A substantial difference in grade point averages can be found between the two examined groups. The first hypothesis was confirmed: students who participated in on-campus education obtained better grade point averages than students of online education. The teachers declared the minimum level of requirement and communicated it to the students quite clearly. It is a thought-provoking result that for online education, credit-weighted grade point averages would not necessarily show real knowledge well.

The second hypothesis was also proved because some subjects became easier to pass in online education, at least obtaining a passing grade. Online education facilitated students’ strategies e.g., creating an agenda of studying was essential to maintain effective and continuous learning.

The third hypothesis was not confirmed because significant differences in dropout rates were not found between the students who participated in online education and on-campus education. The dropout rate remained nearly unchanged between students who participated in online education (19 students dropped out), and students who participated in on-campus education (50 students dropped out). Introducing online education was effective or at least not harmful in terms of dropout because the dropout rate remained unchanged, compared to the previous year.

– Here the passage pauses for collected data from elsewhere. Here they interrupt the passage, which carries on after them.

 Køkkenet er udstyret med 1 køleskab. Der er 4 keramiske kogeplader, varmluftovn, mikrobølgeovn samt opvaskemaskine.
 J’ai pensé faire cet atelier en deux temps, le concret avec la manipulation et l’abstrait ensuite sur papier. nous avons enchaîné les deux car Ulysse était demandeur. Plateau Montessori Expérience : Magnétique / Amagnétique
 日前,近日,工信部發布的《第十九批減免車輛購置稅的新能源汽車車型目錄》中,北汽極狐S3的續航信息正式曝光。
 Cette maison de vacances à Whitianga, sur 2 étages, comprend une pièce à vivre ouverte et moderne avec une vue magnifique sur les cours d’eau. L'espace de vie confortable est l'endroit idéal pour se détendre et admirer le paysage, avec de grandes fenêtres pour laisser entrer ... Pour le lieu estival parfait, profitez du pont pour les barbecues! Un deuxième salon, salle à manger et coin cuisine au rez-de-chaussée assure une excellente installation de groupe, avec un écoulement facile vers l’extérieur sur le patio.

The results suggest that regarding dropout rates, there was no significant difference between online and on-campus education. The result suggests several assumptions: e.g.: the teachers had been more indulgent, as they also found it more difficult to communicate effectively during the COVID-19 period and were less able to apply with traditional methods. The process of knowledge transfer moved to online platforms and a different kind of interaction could be applied to rely on the online education system.

Limitations of the study and future research

This study proposed research clarifying the impact of the transition to online courses on dropout. The results show that this period did not contribute significantly to the increase in dropouts. Subjects became more achievable during online education. Students who participated in online education reported lower average grade points than students who participated in on-campus education. Consequently, on-campus students could win better scholarships than students who participated in online education because of better grades.

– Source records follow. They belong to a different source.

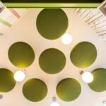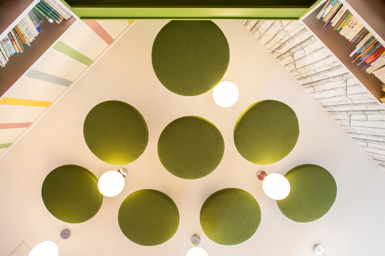 Iš aplinkos sklindančiam triukšmui prislopinti bibliotekoje įrengtos garsą sugeriančios lubos ir virš skaitymo vietos papildomai pakabintos dekoratyvios akustinės plokštės. Be pagrindinės funkcijos, žalios plokštės interjerui suteikia žaismingumo ir sumažina lubų aukštį. „Kai padariau sėdimą kampinę vietą, man pasirodė keista, kad išėjus iš to narvelio lubos iš karto smarkiai pakyla. Kai į erdvę žiūri 6–10 metų vaiko akimis, ji atrodo didelė. Būdamas mažas, tu nori mažesnės, jaukesnės aplinkos“, – akustinių plokščių atsiradimą motyvuoja projektuotoja.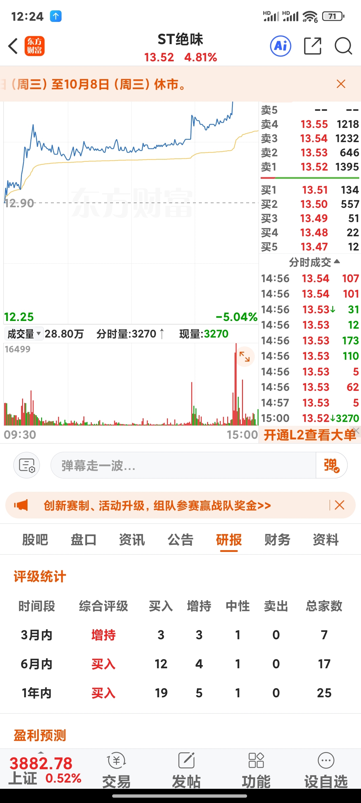 $ST绝味(SH603517)$ 怎么这么多人在增持这个ST,真搞不懂。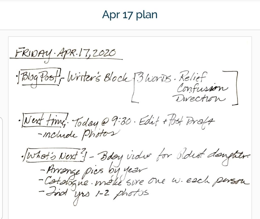 Bullet One: Jot down in three words how the task/project went. This is very important and is what helps you stay motivated to keep going. Writing coach Cynthia Morris teaches all her students to write three (3) words about their experience after they’ve finished writing. This can be what the person feels or what s/he has learned. My three words (picture above) for this blog post are re (lief, confusion, and direction. After starting on this post, I feel both a sense of relief for finally putting a few words to paper and direction for what I need to do next. I also feel somewhat confused because I had to stop in the middle of this post and thoughts are swimming in my head.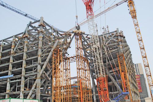 宁波嘉裕酒店是为集办公、会议、餐饮、酒店于一体的超五星级酒店项目,总建筑面积72897平方米,用钢量约9300吨,建筑面积约7.3万平方米。该项目由阿联酋迪拜七星级帆船酒店的设计者——英国阿特金斯建筑设计公司主创人员设计,分两个塔楼、裙房和“L”形连接区,建筑的西、南两个立面上通过体块的变化形成两个“V”字,从西南角看酷似中央电视台新址。 据中建钢构有限公司现场负责人介绍,宁波嘉裕酒店“L”形连接区整体外倾33度,5层以上结构外悬挑,并且在结构层11层和15层均有超重铸钢件,完全依靠悬挑结构自身的合理受力体系承重,施工难度大,危险性高。为确保此次50吨铸钢节点吊装成功,事先对铸钢件主要数据进行测算和验收,经测量数据与理论模型模拟合格后方才起吊。此番铸钢件顺利吊装就位,为第二个62吨重铸钢件吊装积累了宝贵经验。据悉,第二个铸钢节点将于4月底开吊,届时,构件起吊重量将刷新宁波市单个构件重量之最。 |

Several other factors e.g., whether students have met in person in the past, could affect the dropout and grade point averages which were not taken into consideration in this research. In the future, it is recommended to measure students’ current level of knowledge, how much they can adapt to online education, and how they would react in the next similar crisis.

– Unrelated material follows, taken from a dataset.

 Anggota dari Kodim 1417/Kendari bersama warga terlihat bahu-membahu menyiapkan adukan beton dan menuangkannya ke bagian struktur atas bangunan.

Even though this study presents interesting results, the authors believe that the conclusions derived from them should be interpreted carefully. It allows both researchers and teachers to develop further methods to examine students’ strategies in online education during the COVID-19 period. Future research should be extended with additional variables. Data analysis techniques should also be taken into consideration in order to evaluate the academic profile of students who dropped out in previous years. Limitations include that analysis does not entirely reflect the true engagement of students in the education system because only the first two semesters were examined.

The results of this study open new lines of similar research. It is hoped that other researchers will consider examining the potential impact of COVID-19 on educational planning and scholarship systems. The results of this study can further be validated by considering a wider study that would collect both quantitative and qualitative data to give a deeper understanding of the effects of this epidemic.